Data Preparation
The chart above shows the steps taken to create the training and evaluation data for our model
We began by training a model to detect logos in general (no brand classification) with OpenLogo & Logo3kdet datasets
We applied the resulting model to OpenLitterMap images to received cutouts of potential logos
We then grouped the logo cutouts using hierarchical clustering, named the clusters by brand and corrected mistakes
We sought out additional examples of underrepresented brands using Google Vision APIs (logo & text recognition) and tags provided by openlittermap users.
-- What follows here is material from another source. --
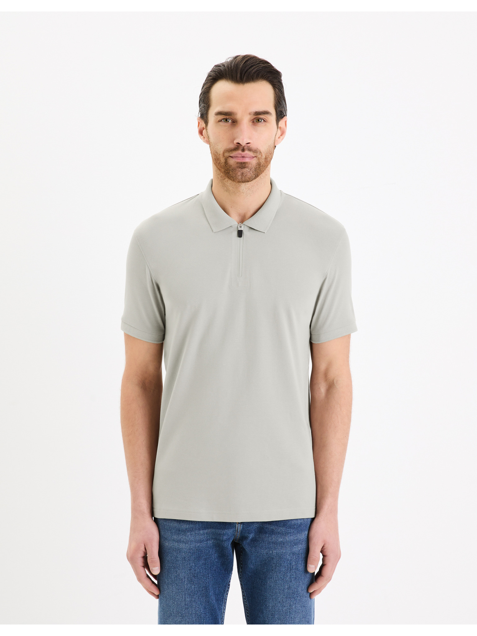 Pánska polokošeľa bez gombíkov - svetlo sivá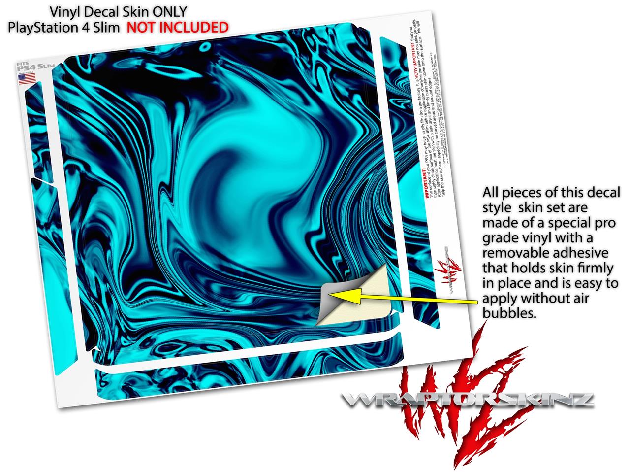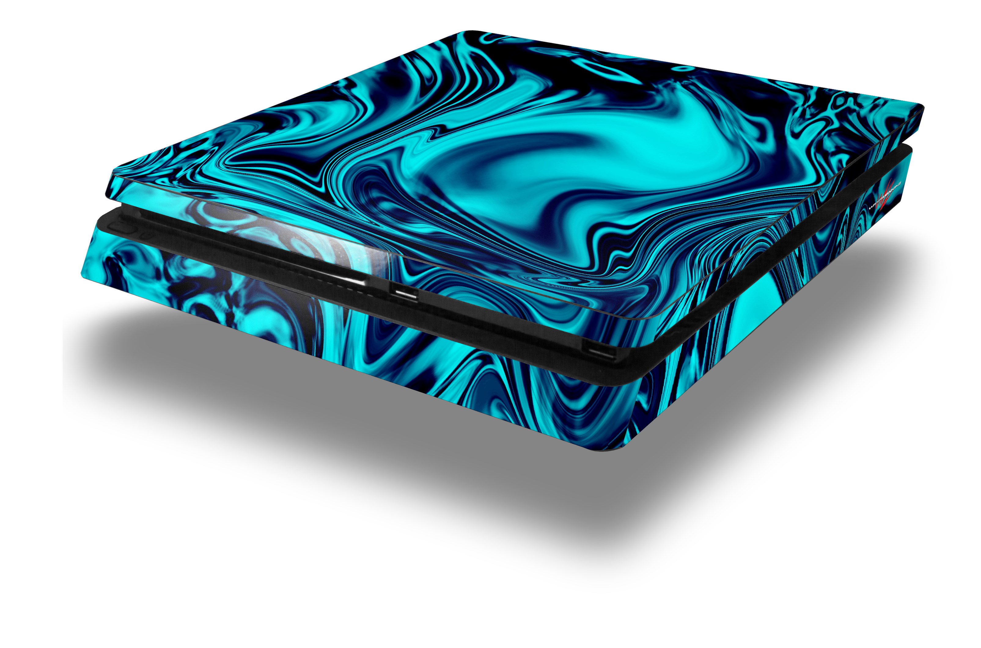 Vinyl Decal Skin Wrap compatible with Sony PlayStation 4 Slim Console Liquid Metal Chrome Neon Blue (PS4 NOT INCLUDED)

We then cut classes with less than 20 examples, split into train, val and test sets, and further rebalanced class representation through augmentation
Clustering & Class reblance
The image on the right shows the dendrogram produced by our clustering process. Hierarchical clustering works by initializing each example in it’s own group and then slowly joining each to the closest group until a distance limit is met. A core benefit of this approach is you do not need to pre-determine the number of clusters as in other techniques like with K-means.
We started by converting each image to a vector representation using pre-trained embedding models (imgbeddings & VGG16). We could then begin the clustering process. We elected to use cosine distance as our distance metric. This ignores the scale of the vector and only pays attention to the direction or angle.
Here we can see the impact of our class rebalancing. The data set is naturally imbalanced which could cause our model to overly focus on the majority class. We sought added additional training examples and applied augmentation (flip, rotation, blur, noise, brightness) to increase the representation of minority classes.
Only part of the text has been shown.